Hereinafter, specific embodiments of the present invention will be described in detail with reference to the drawings. It should be understood, however, that there is no intention to limit the scope of the present invention to the embodiment shown, and that other embodiments falling within the scope of the present invention may be easily devised by adding, Can be proposed.

1 is an external perspective view of an air cleaning unit having an air cleaning and ventilation function according to the spirit of the present invention, FIG. 2 is an exploded perspective view of the air cleaning unit, and FIG. 3 is a vertical cross-sectional view of the air cleaning unit.

1 to 3, the air cleaning unit 10 having the air cleaning and ventilation function according to the present invention includes a front cover 11 having an air inlet formed at a central portion thereof, and the front cover 11 is The cover guide 12 to be seated, the discharge guide 14 is mounted by the sliding method and the air discharge port is formed on the side, and laminated on the lower side of the discharge grill 14, suction Filter 13 to filter out foreign substances contained in the indoor air to be removed and the smell, the control box 19 is coupled to the lower edge of the discharge grill 14, the lower side of the cover guide 12 A control panel 21 detachably coupled to each other, and a shielding member 23 for selectively shielding a discharge port formed on the side surface of the discharge grill 14 are included. In detail, the control box 19 has a main PCB board for controlling the operation of the air cleaning unit 10. In addition, a display PCB substrate displaying an operating state of the air cleaning unit 10 is mounted on one side of the rear surface of the control panel 21. In addition, when the air cleaning unit 10 is mounted at an edge portion where the wall surface and the ceiling meet, the discharge port portion of the discharge grille 14 covered by the wall surface is shielded by the shielding member 23. Then, the air is discharged through the front and one side of the discharge port of the discharge grill 14.

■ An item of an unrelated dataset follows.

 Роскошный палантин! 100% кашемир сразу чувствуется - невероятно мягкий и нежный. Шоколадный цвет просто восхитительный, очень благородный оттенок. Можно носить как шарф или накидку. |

In addition, the air cleaning unit 10 is provided on the upper side of the filter 13 and the fan 15 for sucking indoor air or outdoor air, and detachably coupled to the lower side of the discharge grill 14, the A shroud 145 for guiding the flow of indoor or outdoor air sucked by the fan 15, a fan motor 20 for driving the fan, and the fan motor 20 are mounted, and an exhaust duct is provided at one side thereof. And a rear panel 16 to which the air supply duct is connected.

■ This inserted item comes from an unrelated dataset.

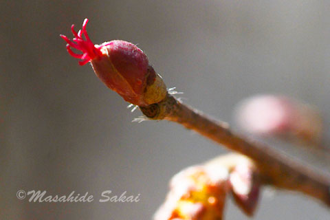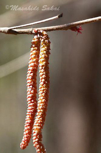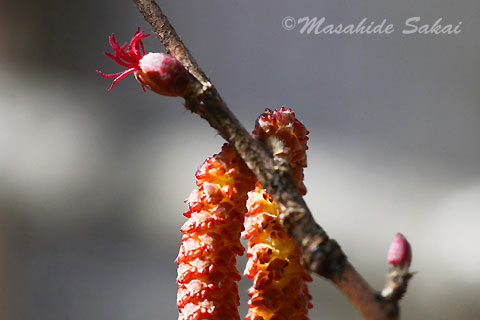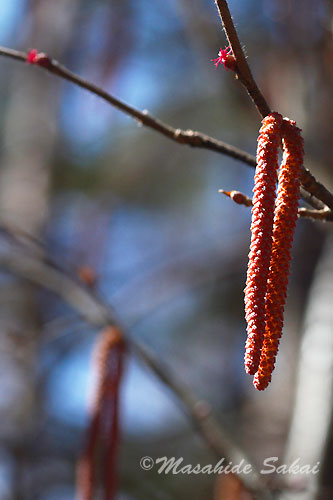 ツノハシバミの花が咲き始めた。花の総は雄花で、枝先や雄花の近くには、

In addition, the air cleaning unit 10 is coupled to the upper side of the rear panel 16 to the base panel 22 to reinforce the strength of the rear panel 16, and is coupled to one side of the rear panel 16 An installation case 17 for easily coupling the exhaust duct and the air supply duct and a detachable coupling to an upper side of the rear panel 16 to easily mount the rear panel 16 to a wall or a ceiling. An installation bar 18 is included.

Hereinafter, the operation of the air cleaner unit 10 mounted on the ceiling will be described.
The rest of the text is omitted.